Setelah hiruk-pikuk kelas karena mereka memaksaku untuk melepas seluruh pakaianku. Akhirnya seiring berjalannya waktu aku mulai terbiasa menerima takdirku. Takdir tubuhku yang sudah tidak menjadi rahasia lagi.
Tak bisa sembarangan bergerak, aku hanya bisa melirik kearah yang terbatas, dan dari situ aku paham bahwa beberapa dari cewek-cewek itu melihatku dengan tatapan penuh nafsu.
Setelah kejadian itu, keesokan harinya, gadis yang kuidolakan, Silvilla mendekatiku dan mengajakku pulang sekolah bareng.
"Setiap hari kamu selalu bawa kaos dan celana sepak bola ya, Juan?"
Setelah selesai berlatih futsal dengan beberapa siswa dari kelas lain tiba-tiba Silvilla duduk disebelahku.
"Yo'i Sil, kelihatan banget ya?"
"Iya, dikelas kita cuma ada 5 cowok, dan gampang untuk mengingat kebiasaan kalian masing-masing."
"Apa itu artinya cewek-cewek sering ngomongin kami berlima?"
"Hihihi, Jelas sekali 'kan, Juan. Di sekolah kita, yang paling sedikit pelajar cowoknya cuma kelas kita, 'Kelas Seni', sementara yang paling banyak pelajar cowoknya 'Kelas Tehnik'...."
Silvilla menunjuk kearah para cowok yang bergurau bebas dan liar yang lewat dihadapan kami, para 'Cowok Tehnik'.
"Buat kami para cewek, masuk ke kelas seperti itu rasanya seperti 'Bunuh Diri', Juan..."
Silvilla melanjutkan kata-katanya.
"Kok bisa, Sil?"
"Iya, bayangin ya, memang sih banyak cowok menarik disana, tapi kamu pasti paham kan seusia kita pikiran cowok pada mesum semua."
Silvilla mengalihkan pandangannya kearahku, dan aku melihat pergerakan matanya yang awalnya melihat wajahku, perlahan-lahan turuh kearah dada, perut, hingga selangkanganku, membuat bulu kudukku merinding dan membangunkan 'Senjata-ku'.
Benar saja, Silvilla sepertinya merasakan bahwa aku pasti gugup.
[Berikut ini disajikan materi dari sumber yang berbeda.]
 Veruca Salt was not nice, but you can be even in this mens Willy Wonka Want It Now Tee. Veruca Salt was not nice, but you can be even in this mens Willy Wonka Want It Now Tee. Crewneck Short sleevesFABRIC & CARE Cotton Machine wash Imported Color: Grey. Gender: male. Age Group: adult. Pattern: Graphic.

Ia malah mendekat dan menempelkan dadanya kearah lengan kiriku, kini kami seperti sepasang kekasih yang nekat berduaan ditengah sekolah.
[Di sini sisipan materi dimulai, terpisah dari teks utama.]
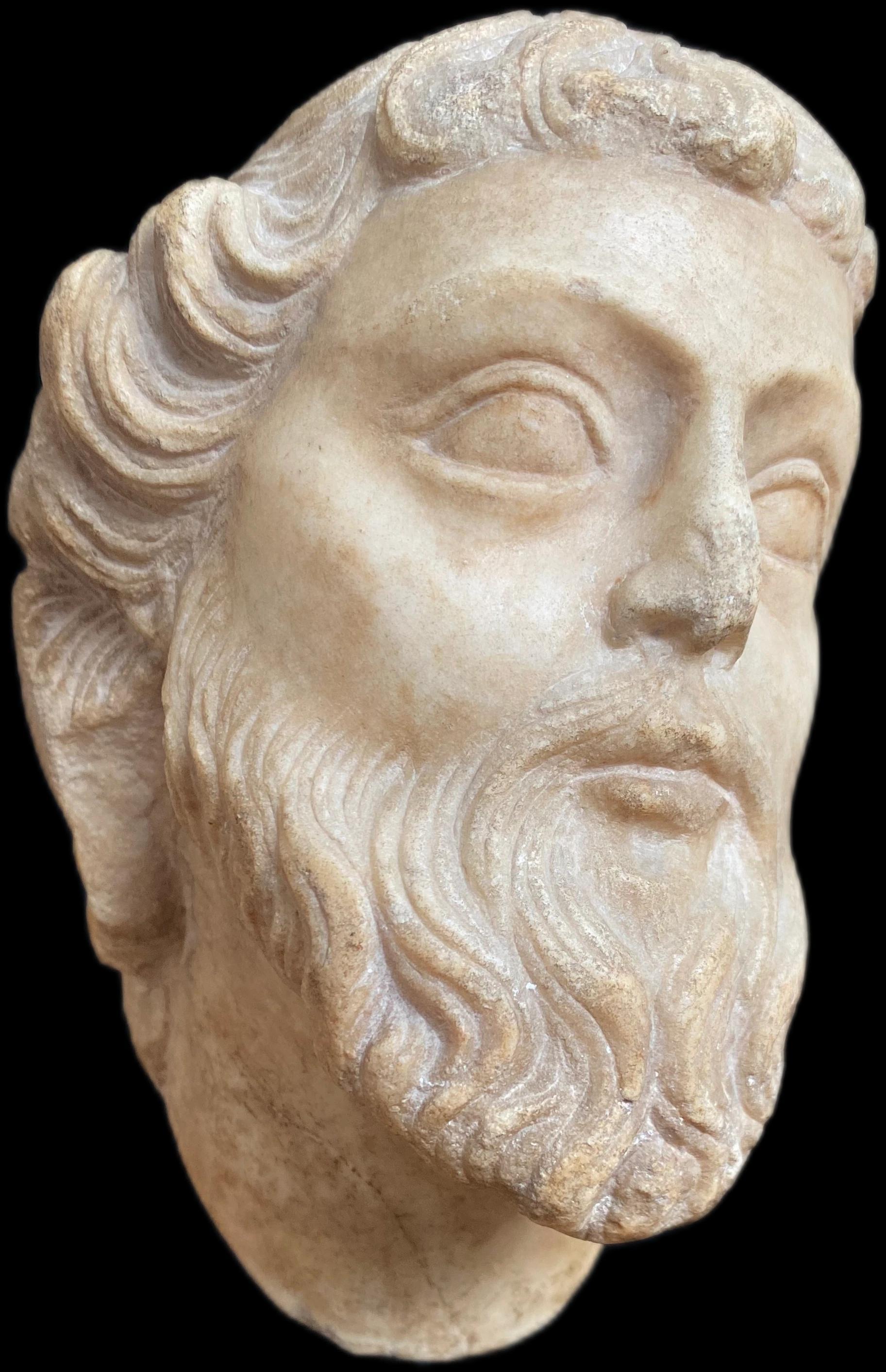 This elegant marble head of a bearded man is a remarkable example of the refined artistry characteristic of the Sienese school of sculpture during the late 13th and early 14th centuries.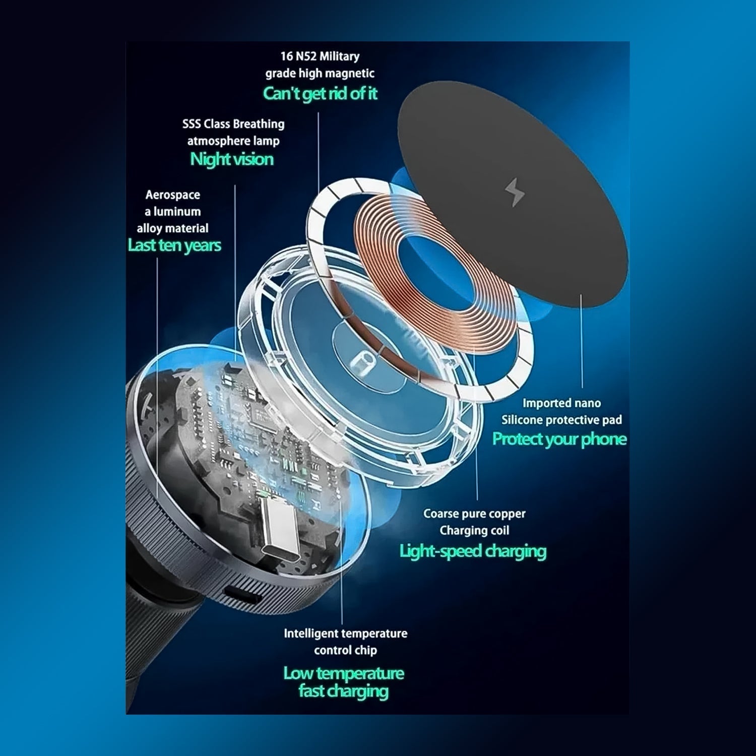 - Safe and Powerful Magnets - What sets for Magnetic Phone Mount Wireless Charger apart is its powerful and safe magnets. With strong magnetic force, your phone stays secure even on the bumpiest roads, giving you peace of mind while you drive. This car cell phone holder is compatible with iPhone and allows for quick mounting without the use of clamps. Upgrade your car accessories with where safety and functionality meet entertainment.

Aku menoleh dan melihat kebawah, kearah 'Senjata-ku' dengan meneguk ludah dan keringat dingin.
Itu yang terjadi kemarin.
Dan kini, dalam situasi yang mendesak ini sungguh-Penisku-terus terang saja, mengeras sampai pada titik yang tak mampu kutahan lagi.
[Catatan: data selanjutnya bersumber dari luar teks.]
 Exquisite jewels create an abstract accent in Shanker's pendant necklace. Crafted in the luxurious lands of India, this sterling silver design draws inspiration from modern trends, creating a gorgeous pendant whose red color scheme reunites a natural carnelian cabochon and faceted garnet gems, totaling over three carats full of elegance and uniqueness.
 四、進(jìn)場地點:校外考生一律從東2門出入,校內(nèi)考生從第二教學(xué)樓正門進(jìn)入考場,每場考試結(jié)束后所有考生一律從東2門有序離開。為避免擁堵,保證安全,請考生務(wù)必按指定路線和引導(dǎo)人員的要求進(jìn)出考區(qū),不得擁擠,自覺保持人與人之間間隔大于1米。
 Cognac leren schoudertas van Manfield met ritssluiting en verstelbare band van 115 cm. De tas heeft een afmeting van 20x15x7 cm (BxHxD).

Silvilla dengan wajah imutnya yang merasa ketakutan, melirik kearah bawah, aku yakin penisku menyentuh tubuhnya, entah bagian mana itu. Dan itu membuatku semakin panas, membuat tubuhku semakin meriang. Nafasku berat.
"Juan, mereka..."
Dengan cepat kututup mulut Silvilla dengan kedua tanganku, mengisyaratkan kepadanya agar tidak bersuara.
Kami dikejar-kejar oleh kumpulan 'Cowok Tehnik' karena sebuah kesalahpahaman.
Tidak, ini bukan kesalahpahaman. Silvilla yang tak kusangka ternyata cewek yang berani dan bernafsu tinggi, meledek dan memicu gairah para cowok tadi persis diakhir jam pelajaran sekolah.
Akhirnya pemimpin dari Kelas Tehnik, Donny, Terpicu nafsunya dan mengajak Silvilla untuk bersenang-senang bersama.
Aku tidak terima dengan ucapan itu dan mengajak gadis itu untuk mengabaikannya, rupanya Donny marah dan tiba-tiba menghantamkan pukulan kearahku.
Silvilla menghentikannya, memasang badan diantara kami, lalu seorang diantara teman Donny menariknya kearah kawanan itu dan mengajaknya ke Kelas Tehnik.
Donny mengangkat tubuhku, lalu menghantamkan satu pukulan lagi. Tekadku untuk menjauhkan Silvilla dari mereka membuatku tak jatuh kali ini, malah dengan sigap berlari kearah Kelas Tehnik.
Didepan mataku sebagian Pelajar sudah membuka seragam mereka. Aku melihat sekeliling, berharap ada seorang guru yang bisa menyelamatkan kami. Tapi sia-sia.
Akhirnya aku menerjang kawanan itu dan menarik Silvilla keluar dari ruang itu.